Content starts

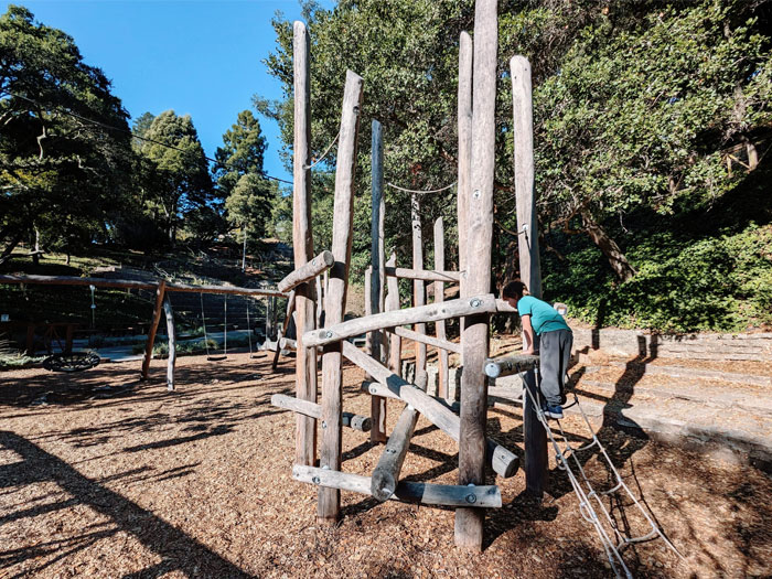 John Hinkel Park is best for younger children, so bigger kids may find the climbing and balancing a bit too easy. Still, the big theater, pathways, and swings may keep big brothers and sisters busy for a while. Per the City of Berkeley website: The theatre was used in the 1940s for community gatherings, music, and dance productions. It was the performance home for the Berkeley Shakespeare Festival from 1971-1991.
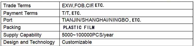 - PaymentTerms : T/T、L/C、Western Union、Alipay
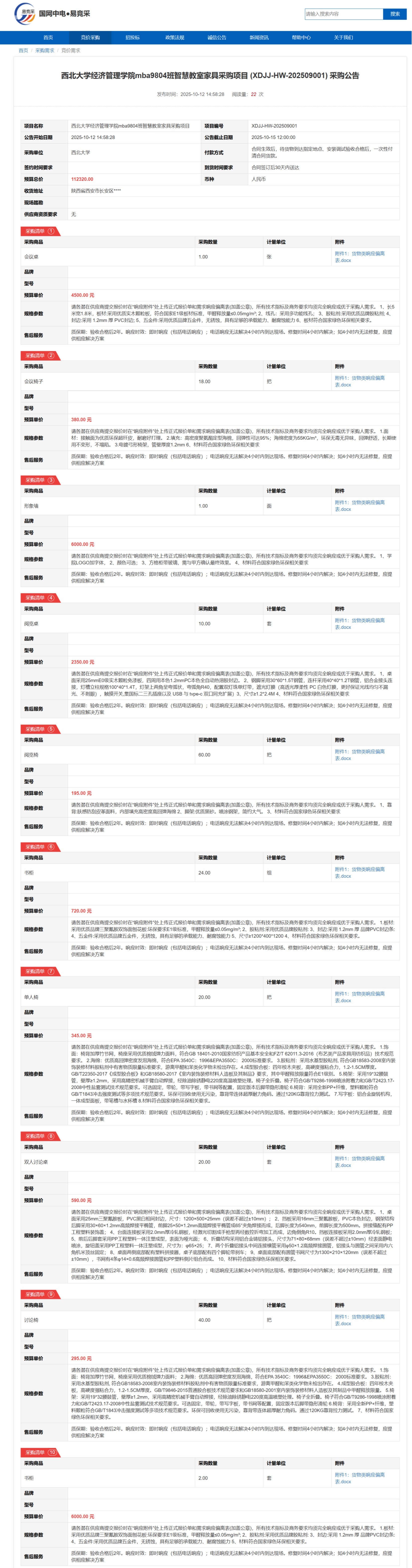 西北大学经济管理学院mba9804班智慧教室家具采购项目(XDJJ-HW-202509001)竞价采购公告

Content ends

▶ [Work instructions]:
Only the pictures are to be left out; restate everything else in the listing word for word.

▶ [Task output]:
 John Hinkel Park is best for younger children, so bigger kids may find the climbing and balancing a bit too easy. Still, the big theater, pathways, and swings may keep big brothers and sisters busy for a while. Per the City of Berkeley website: The theatre was used in the 1940s for community gatherings, music, and dance productions. It was the performance home for the Berkeley Shakespeare Festival from 1971-1991.
 - PaymentTerms : T/T、L/C、Western Union、Alipay
 西北大学经济管理学院mba9804班智慧教室家具采购项目(XDJJ-HW-202509001)竞价采购公告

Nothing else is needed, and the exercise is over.